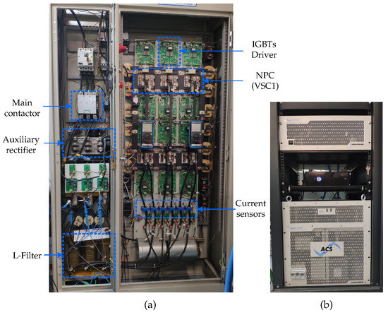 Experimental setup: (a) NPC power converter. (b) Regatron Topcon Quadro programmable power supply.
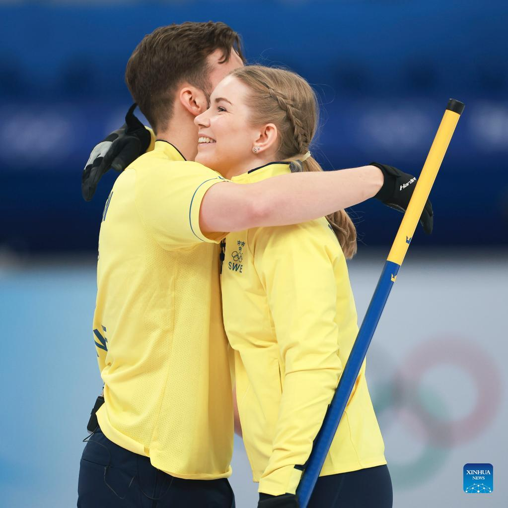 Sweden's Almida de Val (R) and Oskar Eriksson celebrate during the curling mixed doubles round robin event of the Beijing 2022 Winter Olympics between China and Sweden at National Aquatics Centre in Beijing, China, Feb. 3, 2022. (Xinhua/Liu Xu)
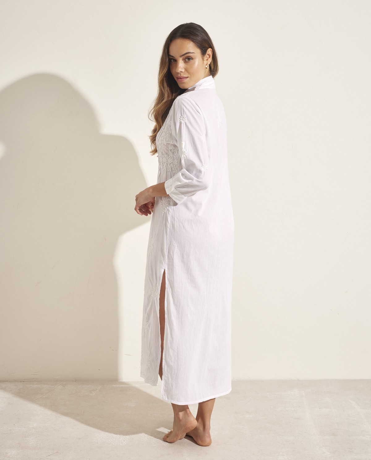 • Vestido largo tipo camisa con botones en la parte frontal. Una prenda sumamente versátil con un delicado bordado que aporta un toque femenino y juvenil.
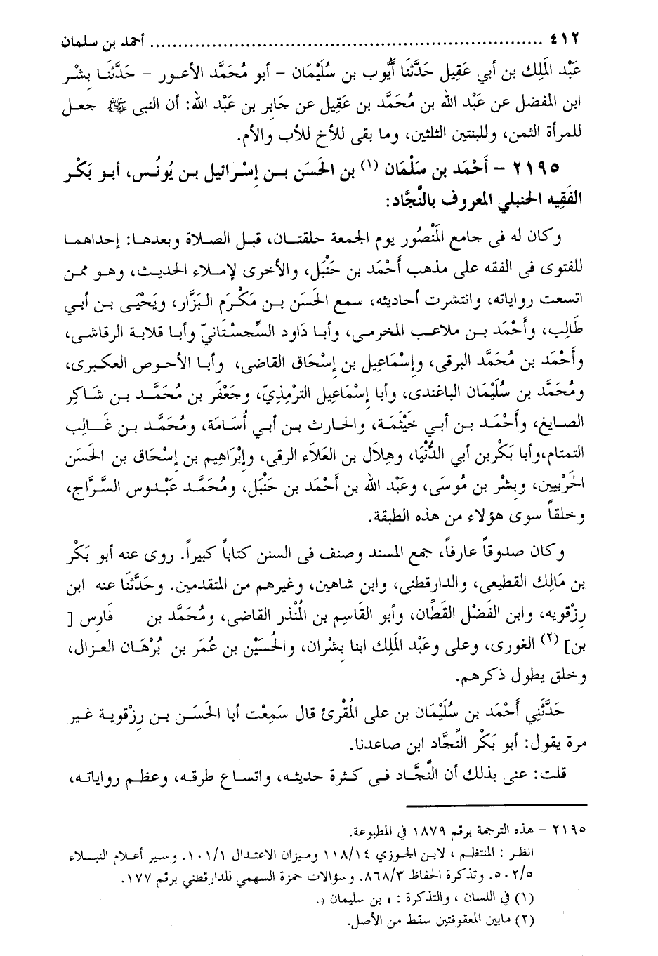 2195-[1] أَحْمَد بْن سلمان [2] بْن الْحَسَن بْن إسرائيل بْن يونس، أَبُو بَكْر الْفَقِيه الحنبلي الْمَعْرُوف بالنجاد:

-=-=-

▶ PROBLEM DESCRIPTION
Reproduce the material above exactly, first line through the line that contains "femenino y juvenil.", minus the pictures.

▶ ANSWER TO THIS PROBLEM
 Experimental setup: (a) NPC power converter. (b) Regatron Topcon Quadro programmable power supply.
 Sweden's Almida de Val (R) and Oskar Eriksson celebrate during the curling mixed doubles round robin event of the Beijing 2022 Winter Olympics between China and Sweden at National Aquatics Centre in Beijing, China, Feb. 3, 2022. (Xinhua/Liu Xu)
 • Vestido largo tipo camisa con botones en la parte frontal. Una prenda sumamente versátil con un delicado bordado que aporta un toque femenino y juvenil.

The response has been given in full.